我无法将JSON对象发送到XMLHttpRequest()。但是,如果我通过send()发送字符串数据,它可以工作。例如,以下代码有效:
var xhr = new XMLHttpRequest();
var url = 'https://xyz.info/api/contacts';
xhr.open("POST", url,true);
xhr.setRequestHeader("Content-type", "application/x-www-form-urlencoded");
xhr.onreadystatechange = function() {//Call a function when the state changes.
if(xhr.readyState == XMLHttpRequest.DONE && xhr.status == 200) {
// Request finished. Do processing here.
}
}
xhr.send("apikey=ee694eabf9e3&firstname=Raja1&lastname=Kumars&phone=123456");
但是,如果我尝试使用JSON发送数据,则它不会向网址发布任何内容。
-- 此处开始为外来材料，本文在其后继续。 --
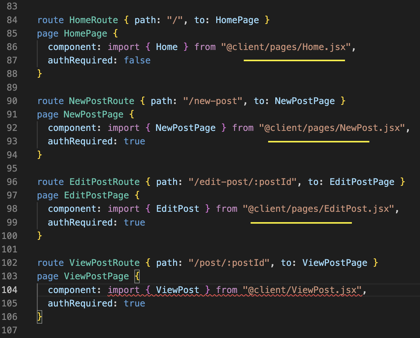 One quick look at the main.wasp file revealed that the Generator gave the wrong path to the ViewPost page, although it did get all the other Page paths correct (highlighted in yellow above).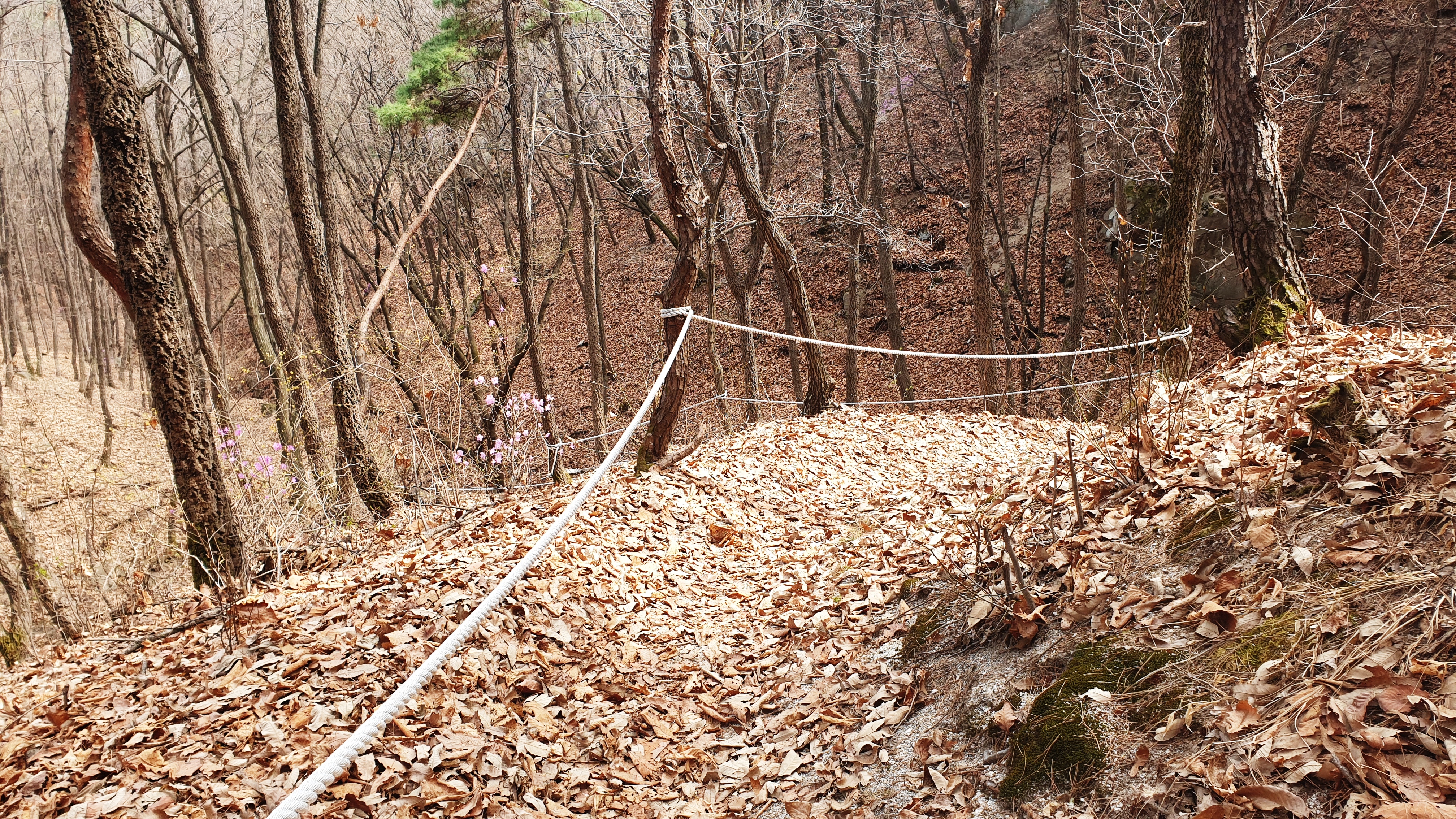 등산로에 로프가 있다면 그럴만한 이유가 있는 것이다. 제법 경사가 있고 미끄럽다.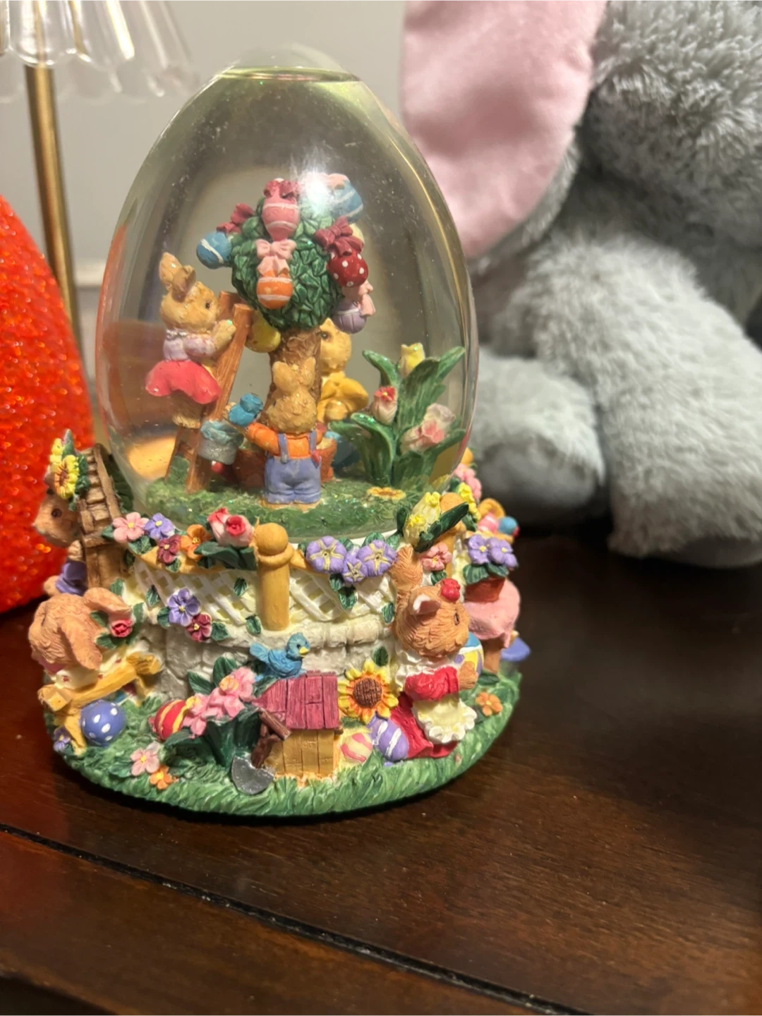 This charming water globe features a festive Easter scene with bunnies and decorated eggs. It's a delightful piece for spring decor. It would be a sweet addition to a shelf or tabletop display.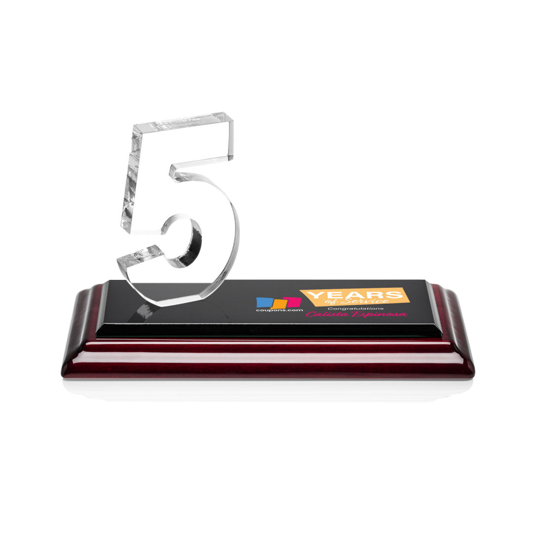 Celebrate employee loyalty with the Northam Anniversary Awards. Featuring beautifully polished Starfire Crystal in 5 year increments to recognize years of service from 5 to 50 and everything in between. Mounted on your choice of clear or colored Optical Crystal base. Honor your long tenured and dedicated staff with these magnificent awards. 6.0″ W x 3.5″ H x 3.0″ D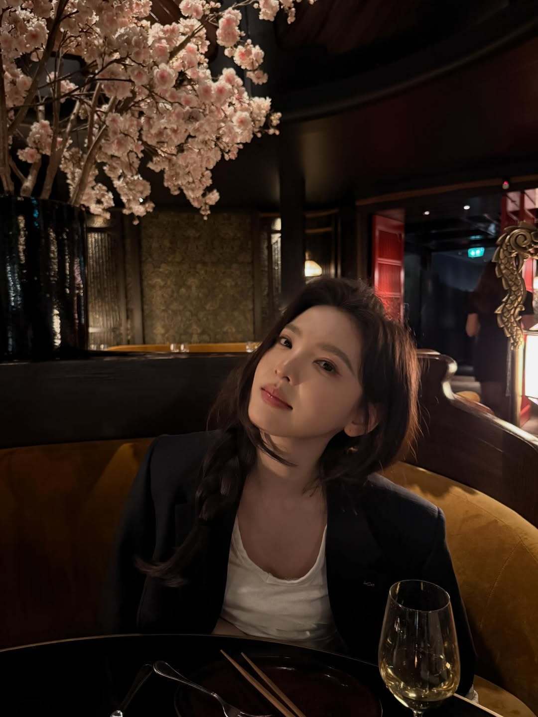 46岁秦岚在宁波一家餐馆吃饭,和老板一起拍摄合影。她看起来好年轻,身材太好了!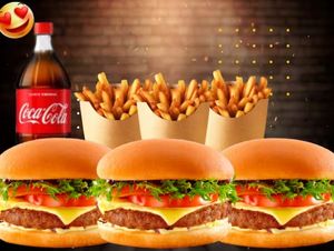 3 Burger Salada artesanal+450g Fritas+Coca 2lt

以下代码不起作用。
var xhr = new XMLHttpRequest();
var url = 'https://xyz.info/api/contacts';
xhr.open("POST", url,true);
//xhr.setRequestHeader("Content-type", "application/x-www-form-urlencoded");
xhr.setRequestHeader("Content-Type", "application/json");
xhr.onreadystatechange = function() {//Call a function when the state changes.
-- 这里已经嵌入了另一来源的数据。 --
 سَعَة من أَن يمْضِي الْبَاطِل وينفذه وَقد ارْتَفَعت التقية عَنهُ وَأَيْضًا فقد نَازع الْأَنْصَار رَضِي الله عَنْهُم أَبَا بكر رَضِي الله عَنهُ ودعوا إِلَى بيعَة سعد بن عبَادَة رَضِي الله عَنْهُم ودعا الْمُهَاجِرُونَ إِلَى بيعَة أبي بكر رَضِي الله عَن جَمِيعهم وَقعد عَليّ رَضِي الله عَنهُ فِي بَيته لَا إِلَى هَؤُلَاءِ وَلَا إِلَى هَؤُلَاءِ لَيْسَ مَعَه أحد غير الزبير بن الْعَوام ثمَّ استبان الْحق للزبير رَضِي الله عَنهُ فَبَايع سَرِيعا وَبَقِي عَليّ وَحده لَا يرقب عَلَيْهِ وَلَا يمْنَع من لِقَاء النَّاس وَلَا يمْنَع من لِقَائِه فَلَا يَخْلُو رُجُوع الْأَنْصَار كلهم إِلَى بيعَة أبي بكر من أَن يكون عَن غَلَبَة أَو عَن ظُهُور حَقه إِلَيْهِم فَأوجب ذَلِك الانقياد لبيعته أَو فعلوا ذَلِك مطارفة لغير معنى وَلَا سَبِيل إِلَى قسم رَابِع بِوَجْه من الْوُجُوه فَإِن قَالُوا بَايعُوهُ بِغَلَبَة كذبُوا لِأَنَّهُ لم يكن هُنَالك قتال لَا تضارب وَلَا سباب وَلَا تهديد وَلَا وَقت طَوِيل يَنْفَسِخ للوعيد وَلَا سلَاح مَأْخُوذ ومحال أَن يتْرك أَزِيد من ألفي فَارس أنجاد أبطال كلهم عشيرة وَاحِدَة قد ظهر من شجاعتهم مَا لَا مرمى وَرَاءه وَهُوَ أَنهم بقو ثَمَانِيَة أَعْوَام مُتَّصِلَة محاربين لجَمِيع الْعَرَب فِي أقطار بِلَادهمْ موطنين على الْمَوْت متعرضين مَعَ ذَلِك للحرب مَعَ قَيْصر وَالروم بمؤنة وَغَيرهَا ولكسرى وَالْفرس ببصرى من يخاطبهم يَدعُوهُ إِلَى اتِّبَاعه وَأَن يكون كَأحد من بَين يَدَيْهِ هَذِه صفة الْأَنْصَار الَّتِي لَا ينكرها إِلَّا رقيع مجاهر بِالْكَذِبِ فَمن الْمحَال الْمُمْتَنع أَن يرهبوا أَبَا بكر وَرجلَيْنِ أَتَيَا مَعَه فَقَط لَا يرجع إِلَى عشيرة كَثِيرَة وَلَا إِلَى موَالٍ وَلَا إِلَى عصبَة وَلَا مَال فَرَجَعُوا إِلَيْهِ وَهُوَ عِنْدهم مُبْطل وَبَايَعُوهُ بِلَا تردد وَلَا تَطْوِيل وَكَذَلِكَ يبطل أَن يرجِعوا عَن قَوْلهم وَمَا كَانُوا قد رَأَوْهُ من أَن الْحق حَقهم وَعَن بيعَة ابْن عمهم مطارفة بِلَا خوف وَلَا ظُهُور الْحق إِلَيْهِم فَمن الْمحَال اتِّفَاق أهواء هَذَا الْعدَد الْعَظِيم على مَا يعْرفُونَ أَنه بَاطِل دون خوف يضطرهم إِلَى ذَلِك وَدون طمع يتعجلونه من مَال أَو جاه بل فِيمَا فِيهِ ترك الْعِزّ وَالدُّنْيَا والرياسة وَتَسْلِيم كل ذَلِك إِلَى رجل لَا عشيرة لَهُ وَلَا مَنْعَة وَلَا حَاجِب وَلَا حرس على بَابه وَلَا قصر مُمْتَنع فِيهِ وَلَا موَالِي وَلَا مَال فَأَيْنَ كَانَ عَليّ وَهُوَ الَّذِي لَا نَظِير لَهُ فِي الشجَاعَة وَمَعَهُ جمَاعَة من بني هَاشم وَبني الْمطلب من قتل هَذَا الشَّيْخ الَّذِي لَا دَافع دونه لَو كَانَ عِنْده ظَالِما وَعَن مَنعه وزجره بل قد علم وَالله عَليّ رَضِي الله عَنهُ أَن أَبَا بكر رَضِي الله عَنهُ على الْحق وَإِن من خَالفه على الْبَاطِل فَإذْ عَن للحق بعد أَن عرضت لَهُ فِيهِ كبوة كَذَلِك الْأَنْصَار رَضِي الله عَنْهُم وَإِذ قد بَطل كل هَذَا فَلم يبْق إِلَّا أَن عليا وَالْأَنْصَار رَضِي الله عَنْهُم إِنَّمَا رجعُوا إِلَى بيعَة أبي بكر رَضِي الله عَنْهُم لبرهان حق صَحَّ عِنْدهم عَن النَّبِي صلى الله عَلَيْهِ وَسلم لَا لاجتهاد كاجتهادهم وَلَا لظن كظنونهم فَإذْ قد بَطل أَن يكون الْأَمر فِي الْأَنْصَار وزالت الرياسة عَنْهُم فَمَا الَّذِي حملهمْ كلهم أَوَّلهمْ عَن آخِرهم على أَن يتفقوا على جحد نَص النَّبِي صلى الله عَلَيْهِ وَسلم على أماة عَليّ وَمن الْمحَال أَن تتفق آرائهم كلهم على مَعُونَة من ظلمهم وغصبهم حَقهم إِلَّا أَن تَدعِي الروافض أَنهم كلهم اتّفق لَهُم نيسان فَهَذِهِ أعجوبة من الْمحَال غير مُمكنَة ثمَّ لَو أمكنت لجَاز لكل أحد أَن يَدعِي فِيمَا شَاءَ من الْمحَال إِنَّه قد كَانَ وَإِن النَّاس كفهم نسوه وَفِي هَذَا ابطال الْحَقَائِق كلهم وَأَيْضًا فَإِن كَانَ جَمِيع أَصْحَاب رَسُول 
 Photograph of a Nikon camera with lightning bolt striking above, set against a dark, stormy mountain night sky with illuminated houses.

if(xhr.readyState == XMLHttpRequest.DONE && xhr.status == 200) {
// Request finished. Do processing here.
}
}
xhr.send(JSON.stringify({
'apikey' :'ee6915d4ee4b4df66bba82277e3',
'firstname' : 'Kumar',
'lastname' : 'Sunder',
'phone':'5557773334'
}));
答案 0 :(得分:0)
您正在通过POST操作发送,但之后通过url字符串发送数据。如果你想以这种方式发送它,你需要将它设置为GET。
答案 1 :(得分:0)
您在两次通话中发送的信息非常不同。一些示例代码:
var _stringify = JSON.stringify({
'apikey' :'ee6915d4ee4b4df66bba82277e3',
'firstname' : 'Kumar',
'lastname' : 'Sunder',
'phone':'5557773334'
});
console.log(_stringify);
var _orig = "apikey=ee694eabf9e3&firstname=Raja1&lastname=Kumars&phone=123456"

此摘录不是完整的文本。